There is currently no treatment for FASD, but early diagnosis and intervention can help parents access appropriate support. There is some evidence that nutritional supplements during pregnancy can reduce the damage caused by PAE 8 . A recent small study found that FAS impacted children who received choline supplements during early childhood had improved cognitive development and executive function compared to a control group 4 .
Mechanisms of alcohol damage
Alcohol increases free radicals – highly reactive molecules which can react with biological macromolecules, affecting their function. When the balance of free radicals compared to antioxidants is disrupted, this is referred to as oxidative stress. Developing cells can be affected in many different ways and there may be different impacts depending on the amount, duration and timing of the alcohol exposure.
Free radical damage to proteins and lipids can disrupt membrane functions & cell signalling. Critical cell cycle control proteins may be compromised, which can result in cells maturing early or in the cell cycle stalling, or in inappropriate cell differentiation. Alcohol can also affect DNA methylation and histone methylation, resulting in changes in gene expression 1 .
Alcohol directly damages mitochondria, disrupting the electron transport chain and leading to increased cellular apoptosis. In the developing brain, increased apoptosis of glial cells may be the cause of the reduced brain density associated with FASD. Neurotransmitter systems may also be affected, resulting in behavioural impacts throughout life 1 .
How did Dr Gilbert become interested in FASD?

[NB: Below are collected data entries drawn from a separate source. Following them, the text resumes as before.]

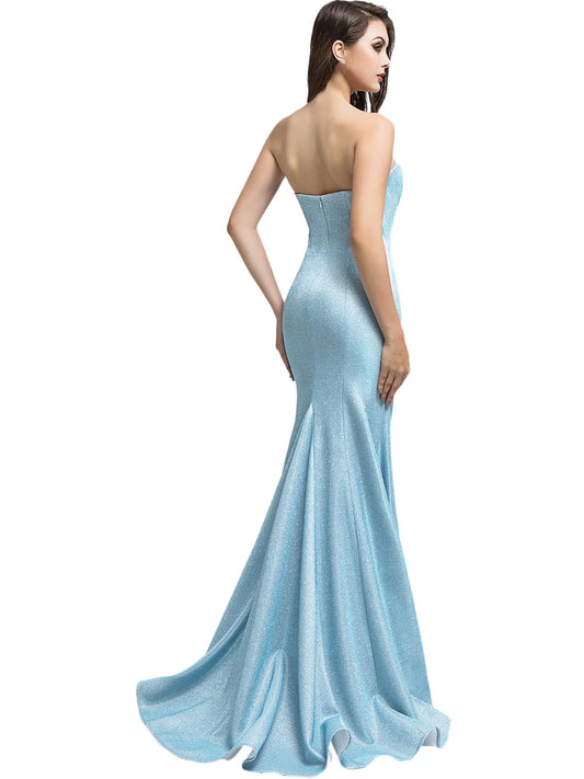 Glitter Long Dress Strapless Sleeveless Slit Evening Ball Gown B19393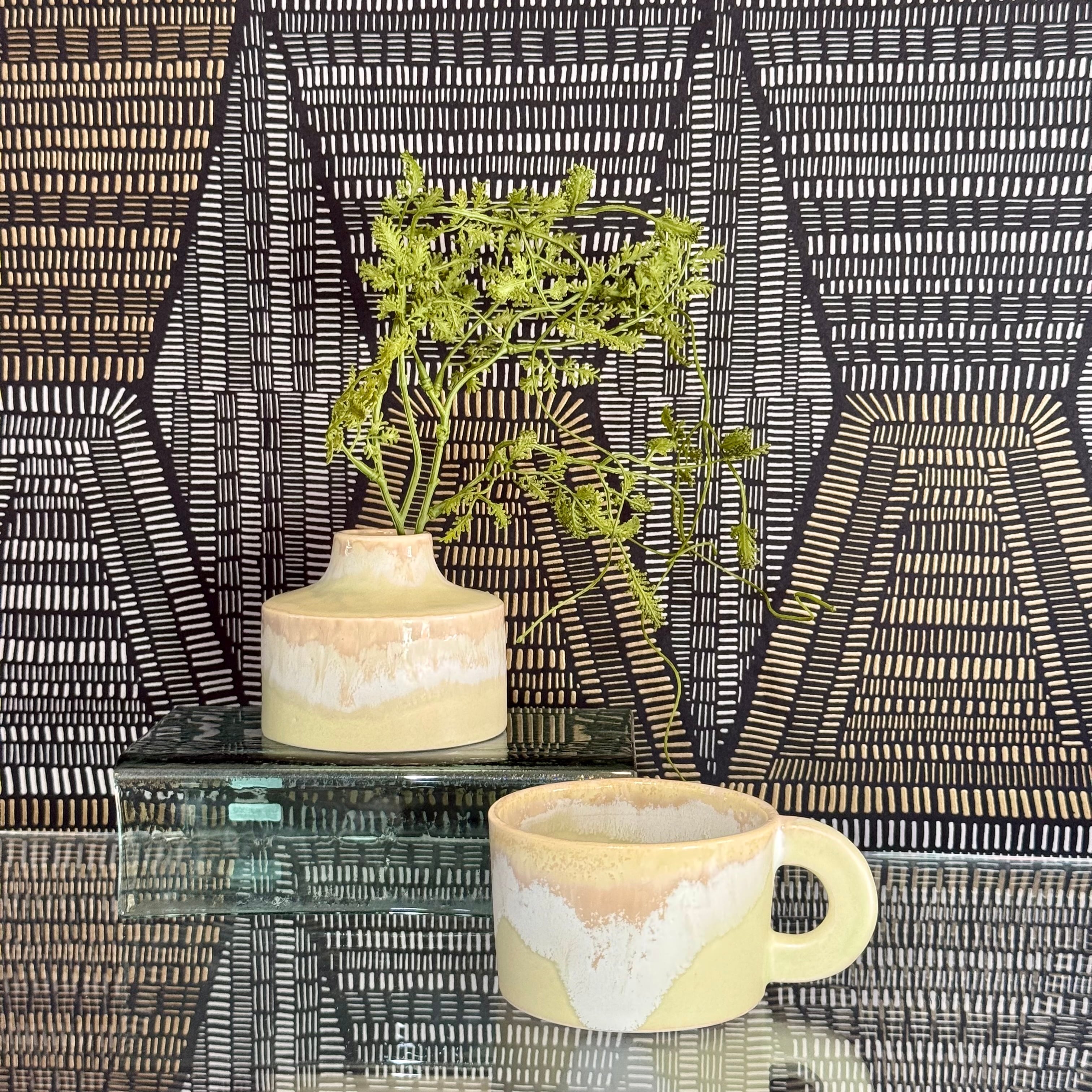雪どけカラーのMelt部分は垂れが織りなす自然現象により2色の層が出現し、窯の中で作られる表情の醍醐味を凝縮した一品となっております。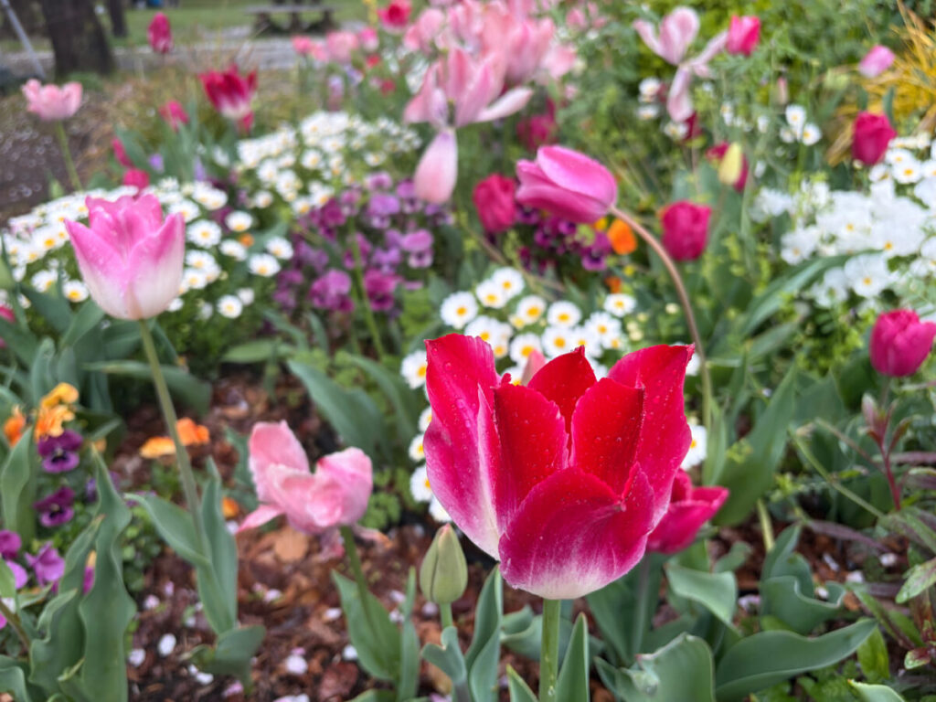 チューリップが本当に綺麗!ソメイヨシノは今が見頃のピークかな?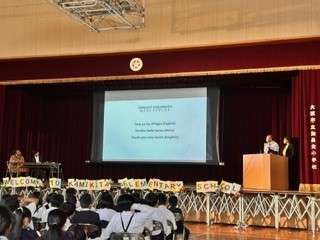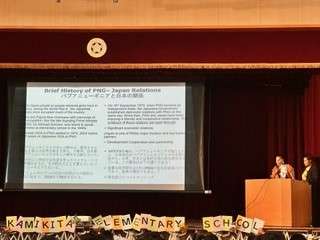 サイモン先生、モイヘ先生に パプアニューギニアの文化等についてお話しいただきました。
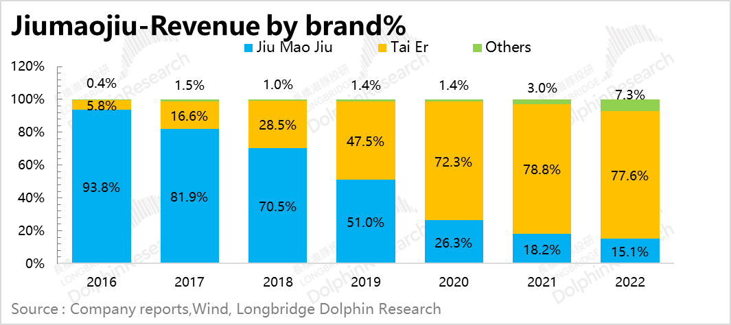 据海豚投研统计,2016年,九毛九西北菜的营收占总营收的93.8%,太二酸菜鱼仅占比5.8%;到了2022年,九毛九西北菜的营收仅占比15.1%,太二酸菜鱼(以下简称“太二”)占比77.6%。即便在整个酸菜鱼行业门店不断关闭的同时,太二还在逆势扩张,据财报显示,去年,太二新开了100家门店。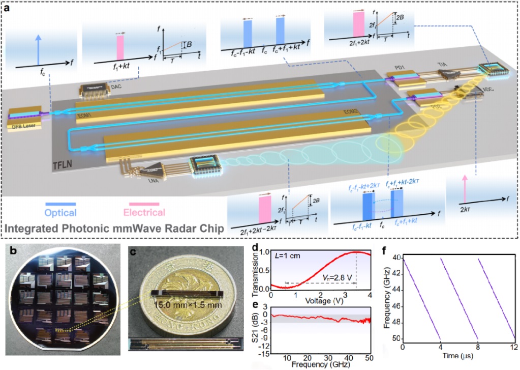 近日,中國科學(xué)院院士、南開大學(xué)智能光子研究院院長祝寧華團(tuán)隊(duì)與香港城市大學(xué)合作,成功研制出薄膜鈮酸鋰光子毫米波雷達(dá)芯片,在毫米波雷達(dá)領(lǐng)域取得重大突破。這一創(chuàng)新成果,為未來6G通信、智能駕駛、精準(zhǔn)感知等前沿領(lǐng)域的應(yīng)用奠定了堅(jiān)實(shí)基礎(chǔ)。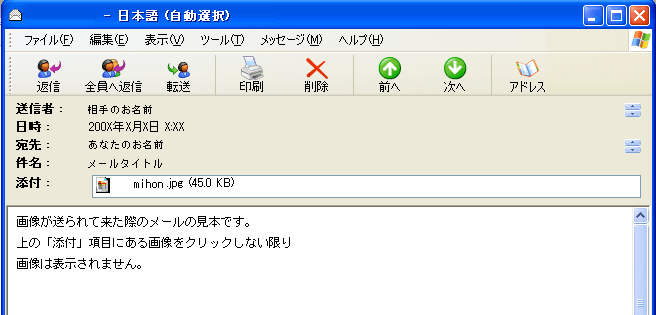 この中にある 『イメージのダウンロード』 項目の「HTML 電子メールにある画像および外部コンテンツをブロックする(B)」にチェックを入れて下さい。 届いたメールが下記のようになっていればOKです。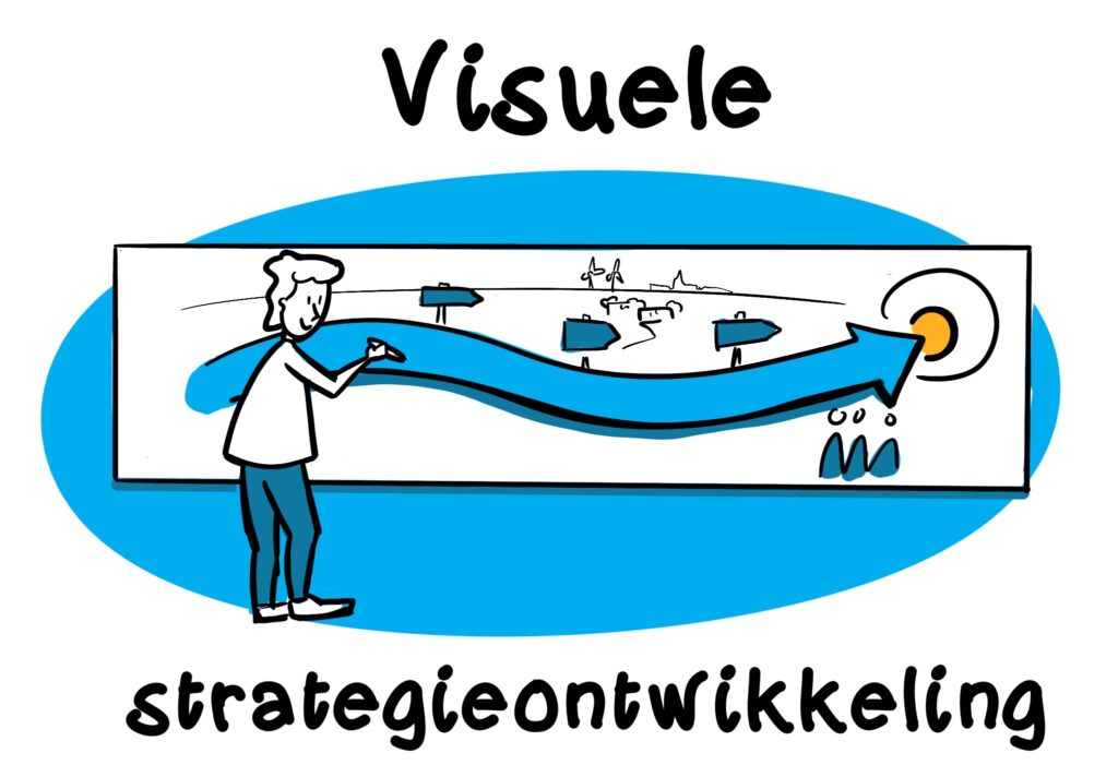 Visuele strategieontwikkeling is het proces waarbij je een organisatiestrategie niet beschrijft in tekst, maar uitbeeldt in beeld. Dat kan een grote wandtekening zijn, een praatplaat, een visuele roadmap of een getekend canvas.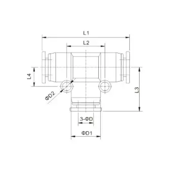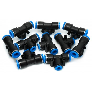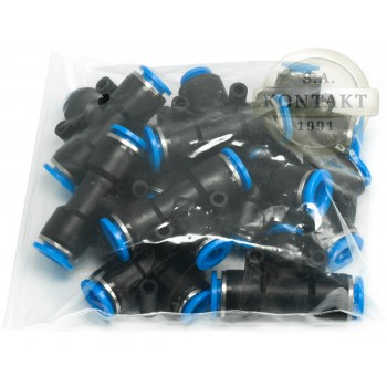 Trójnik redukcyjny typ T czyli inaczej złączka wtykowa redukcyjna T pod wąż to element do połączeń przewodów poliuretanowych, poliamidowych oraz polietylenowych o różnej średnicy w układach pneumatycznych.
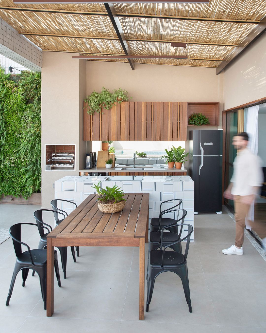 Madeira, jardim vertical e cobertura de bambu são os elementos que deixaram esta varanda, com projeto do A+G Arquitetura bastante aconchegante. Outro destaque do espaço é o balcão que foi revestido com azulejos estampados e por ter uma cor clara, trouxe leveza para o décor.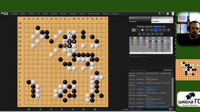 https://online-go.com/review/481605 Хорошая позиция за черных в начале Белые ищут борьбу и в конце концов черные попадают под атаку Счастливое спасение черных и уход в йосе И... смерть группы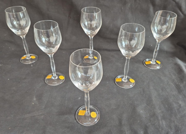 • Cristais Strauss, seis calices para água medindo 20 cm de altura por 7 cm de diâmetro.
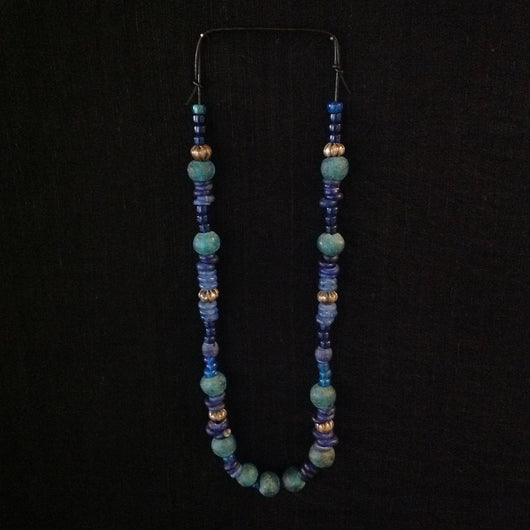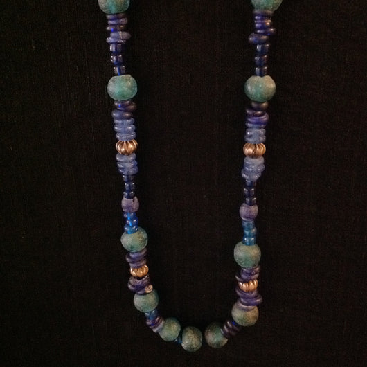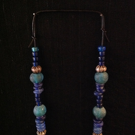 Sterling Hill Tribe beads from Ethiopia and African blue and green glass trade beads on adjustable leather cord, as shown 15" length.
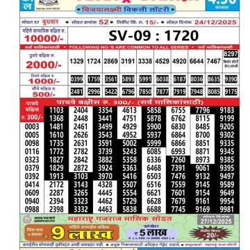 Maharashtra Sahyadri Weekly Lottery Result 25/12/25 25/12/25 Leave a Comment on Maharashtra Sahyadri Weekly Lottery Result 25/12/25 Share: XFacebookPinterestRedditVKDiggLinkedinMix Related Articles 0 125 Maharashtra Sahyadri Weekly Lottery Result 29/11/25 0 15 Maharashtra Sahyadri Weekly Lottery Result 24/12/25 0 88 Maharashtra Sahyadri Weekly Lottery Result 31/07/25 0 148 Maharashtra Sahyadri Weekly Lottery Result 07/07/25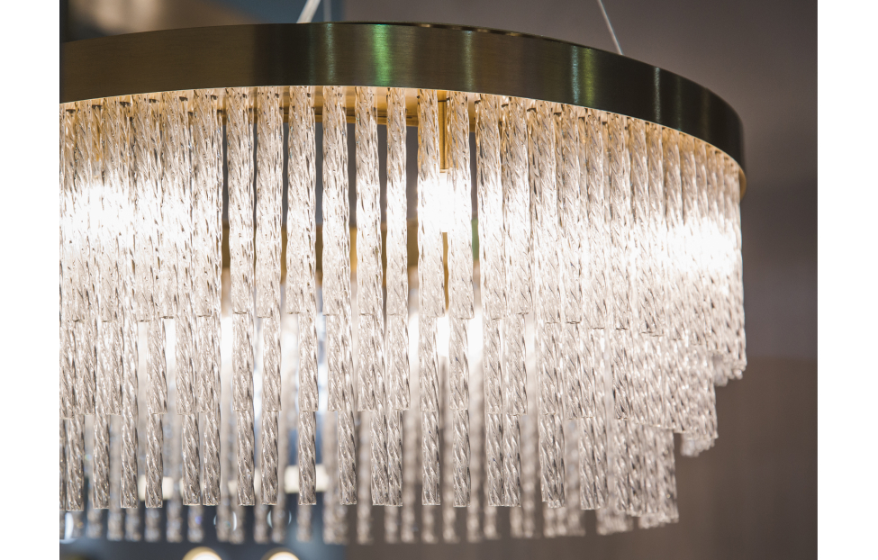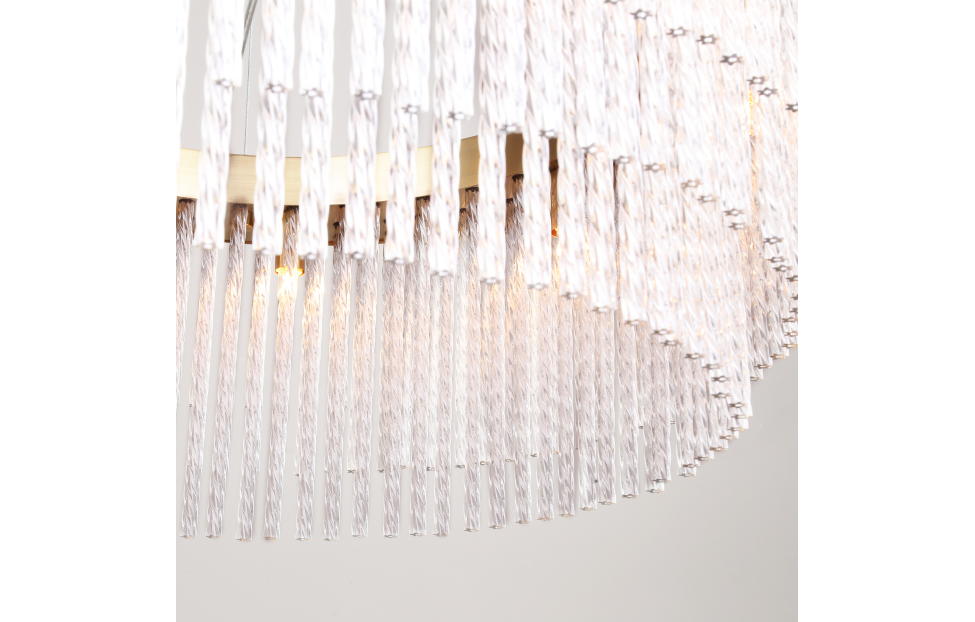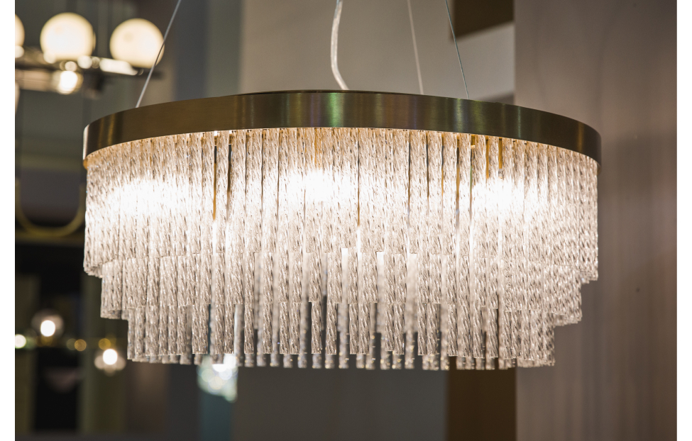 Коллекция Bellinda выполнена в стиле американской классики. Каскадная конструкция состоит из закрученных вокруг своей оси стеклянных трубочек. Этот декор скрывает лампы и мягко пропускает свет. Цвет латуни придает люстрам изысканный вид. Крепление на струнах позволяет регулировать высоту подвеса.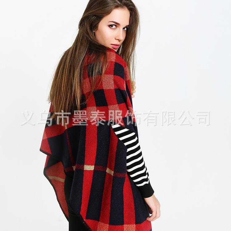• Capa de moda con chal a cuadros de barra transfronteriza, de doble propósito, sencilla y versátil, para viajes, para otoño e invierno, cálida y exterior.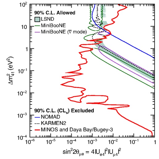 不过,来自大亚湾和MINOS的结果都不足以解决二十年来LSND实验留下的困惑,同时研究不同类型的中微子将给出更强的限制。LSND实验观察到的是缪型反中微子转变为电子型反中微子,因此,大亚湾实验和MINOS实验联合起来,同时研究这两种类型的中微子。两个大型中微子实验的紧密协作是比较少见的,但成果很显著,很有力地排除了绝大部分用惰性中微子振荡来解释LSND结果的物理模型。

Dr Gilbert initially trained as a biochemist in Nigeria. He worked for a few years for a pharma company, where he worked with physicians and clinicians with a drug portfolio mainly aimed at improving quality of life for people with serious or terminal conditions. He decided to pursue a Masters and obtained a scholarship to the University of Salford to complete a master’s in public health supervised by Professor Penny Cook who leads the Salford FASD research group. The Salford research group is a multi-disciplinary team with expertise on different aspects of FASD research, ranging from prevalence and epidemiology, genetics, trauma, interventions to support those with FASD, to social workers and criminal justice research. The group is regarded as the largest and most expert research group on FASD in Europe.
When Dr Gilbert decided to specialise in FASD, he says he was inspired by three words:
Misdiagnosis – Individuals with FASD are often misdiagnosed with autism, ADHD or personality disorders, because of lack of awareness of FASD.
Missed diagnosis – individuals may not be diagnosed with any condition, and so receive no support
Under diagnosis – due to lack of resources. There is only one specialist clinic in the UK, in Surrey. There has been very little research to establish the extent of FASD.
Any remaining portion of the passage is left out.